== Recorded information ==
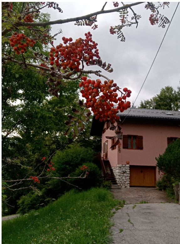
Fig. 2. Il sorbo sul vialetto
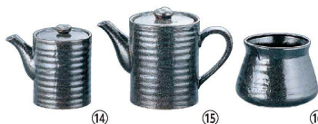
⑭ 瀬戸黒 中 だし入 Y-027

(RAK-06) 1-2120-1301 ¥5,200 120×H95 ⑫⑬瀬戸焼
===
== Recorded information ==
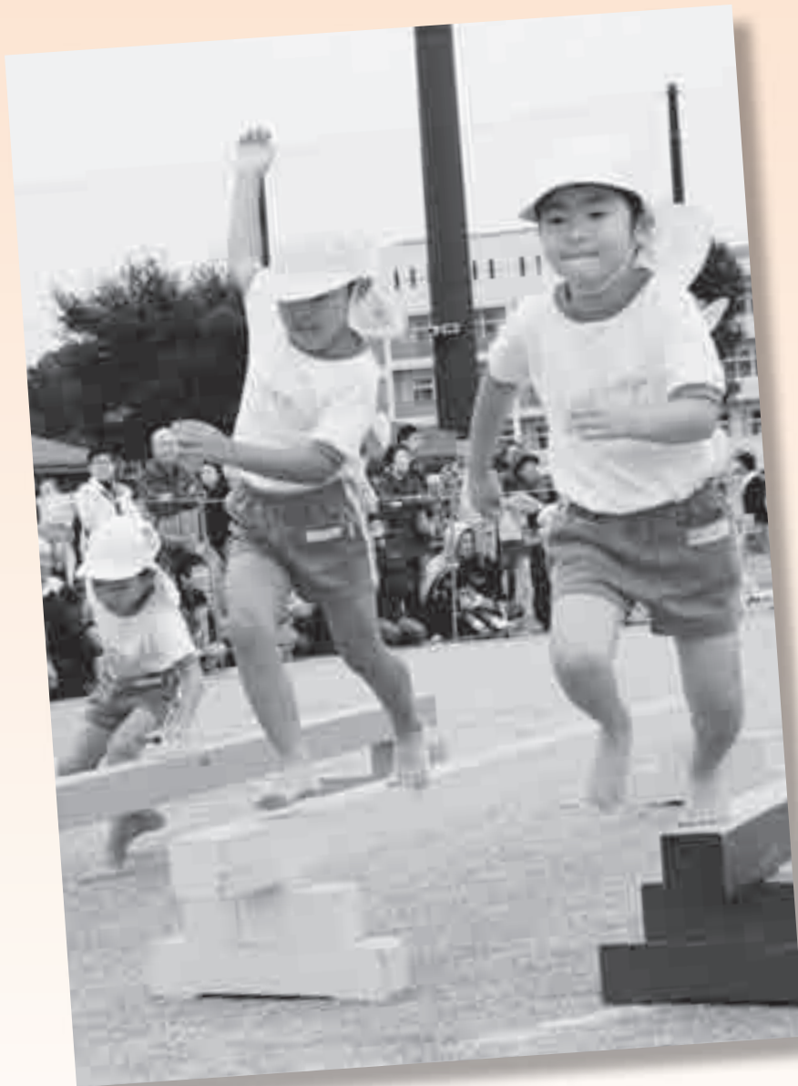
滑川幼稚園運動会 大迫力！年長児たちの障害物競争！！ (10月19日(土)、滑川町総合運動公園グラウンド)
===
== Recorded information ==
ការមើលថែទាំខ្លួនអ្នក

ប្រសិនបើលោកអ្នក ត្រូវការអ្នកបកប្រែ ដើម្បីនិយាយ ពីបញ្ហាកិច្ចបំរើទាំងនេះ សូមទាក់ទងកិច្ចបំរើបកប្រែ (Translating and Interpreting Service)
===
- **What you need to do**
When you reach the line with "Fig. 2. Il sorbo sul vialetto" in the records above, start writing out each line exactly, and stop after the line with "(RAK-06) 1-2120-1301 ¥5,200 120×H95 ⑫⑬瀬戸焼". Pictures stay out.

- **Task response**
Fig. 2. Il sorbo sul vialetto
⑭ 瀬戸黒 中 だし入 Y-027

(RAK-06) 1-2120-1301 ¥5,200 120×H95 ⑫⑬瀬戸焼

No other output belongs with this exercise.